=== The problem ===
Repeat the records below exactly as they appear, leaving out any pictures.

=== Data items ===
============================================================

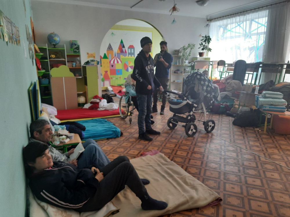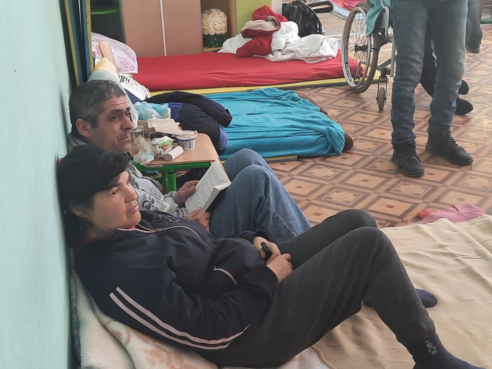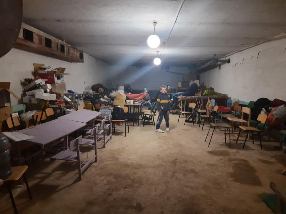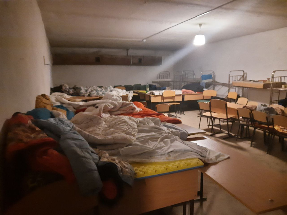 Беженцы спят в школе, в бомбоубежище. В качестве кроватей используют школьные парты. Столовая работает, кормит три раза в день.
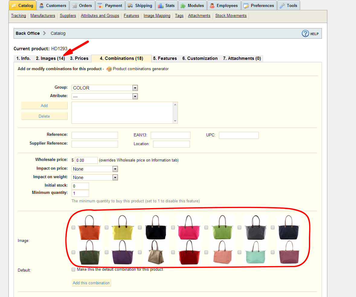 BobPour Posted December 20, 2013 Share Posted December 20, 2013 Hello, I am running Prestashop 1.4.70 I have few products with more than 14 combinations and each combination has a different image. When i add more than 14 images to one product; I can not see the images after the 14th image in the back office but I do see the images in my shop! Same problem exist on the combination page (back office), only 14 thumbnails shows up there so I cannot assign a different Attributes to my images (after 14) I attach a picture of the back office showing only 14 products (two rows of thumbnails in combination page) As you can see under "2. Images" Tab it shows 14 but I actually uploaded 16 images (which I can see them in the shop) Is 14 limit the number of the image per product or I am missing something? Thanks a Ton Link to comment Share on other sites More sharing options...
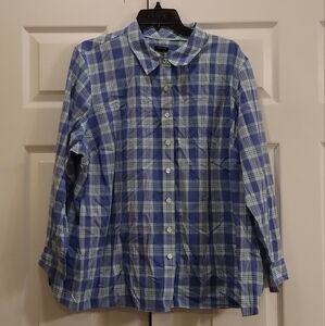 Talbots Blue Print Plaid Long Sleeve Button Down Women's Casual Shirt Size 3XP
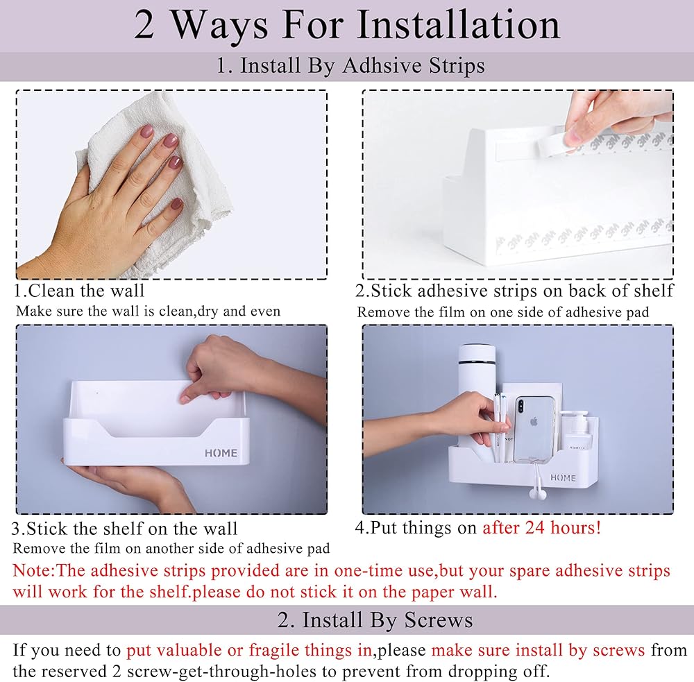 [سهل التركيب على الحائط] مع الأبعاد التقريبية 9.4 بوصة / 24 سم × 4.0 بوصة / 10 سم × 4.3 بوصة / 11 سم (طول × عرض × ارتفاع)، يأتي هذا الرف الأبيض مع شرائط لاصقة مزدوجة الجانب، يمكنك لصقها بسهولة وسريعة على الحائط بثبات في ثوانٍ ويقدم سعة تحميل قوية تبلغ 5.4 كجم. إذا كنت بحاجة إلى وزن أكثر أو بعض العناصر الثمينة أو معطرة ile، تأكد من قم بتثبيته بواسطة مسامير من الثقوب المسمار في الجانب الخلفي. (تحذير: يرجى عدم لصقها على ورق الحائط أو أن الجدار مبتل، وعثرة وبأتربة)
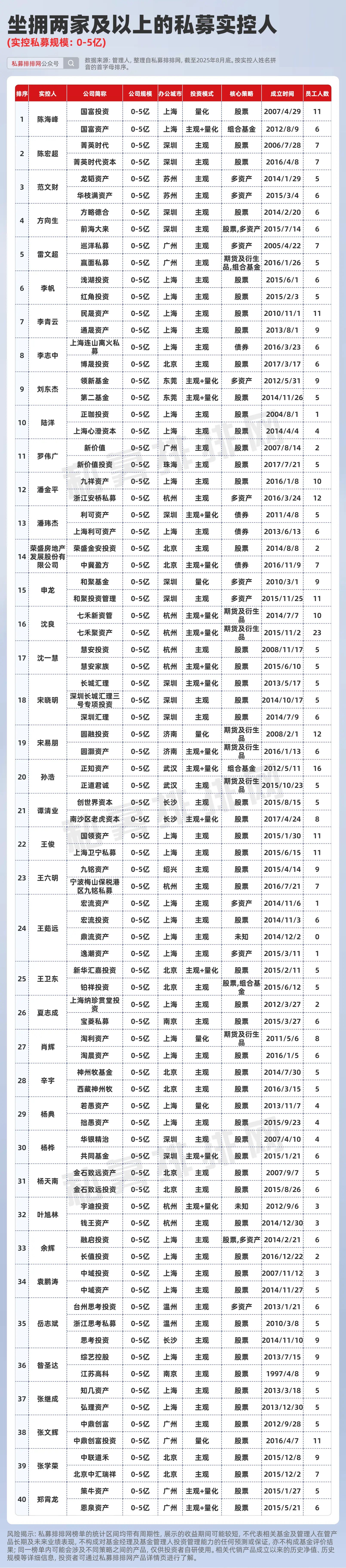 私募排排网数据显示,同时实控两家及以上私募,并且旗下私募规模均0-5亿的实控人共40位。

============================================================

=== Answer to the exercise ===
 Беженцы спят в школе, в бомбоубежище. В качестве кроватей используют школьные парты. Столовая работает, кормит три раза в день.
 BobPour Posted December 20, 2013 Share Posted December 20, 2013 Hello, I am running Prestashop 1.4.70 I have few products with more than 14 combinations and each combination has a different image. When i add more than 14 images to one product; I can not see the images after the 14th image in the back office but I do see the images in my shop! Same problem exist on the combination page (back office), only 14 thumbnails shows up there so I cannot assign a different Attributes to my images (after 14) I attach a picture of the back office showing only 14 products (two rows of thumbnails in combination page) As you can see under "2. Images" Tab it shows 14 but I actually uploaded 16 images (which I can see them in the shop) Is 14 limit the number of the image per product or I am missing something? Thanks a Ton Link to comment Share on other sites More sharing options...
 Talbots Blue Print Plaid Long Sleeve Button Down Women's Casual Shirt Size 3XP
 [سهل التركيب على الحائط] مع الأبعاد التقريبية 9.4 بوصة / 24 سم × 4.0 بوصة / 10 سم × 4.3 بوصة / 11 سم (طول × عرض × ارتفاع)، يأتي هذا الرف الأبيض مع شرائط لاصقة مزدوجة الجانب، يمكنك لصقها بسهولة وسريعة على الحائط بثبات في ثوانٍ ويقدم سعة تحميل قوية تبلغ 5.4 كجم. إذا كنت بحاجة إلى وزن أكثر أو بعض العناصر الثمينة أو معطرة ile، تأكد من قم بتثبيته بواسطة مسامير من الثقوب المسمار في الجانب الخلفي. (تحذير: يرجى عدم لصقها على ورق الحائط أو أن الجدار مبتل، وعثرة وبأتربة)
 私募排排网数据显示,同时实控两家及以上私募,并且旗下私募规模均0-5亿的实控人共40位。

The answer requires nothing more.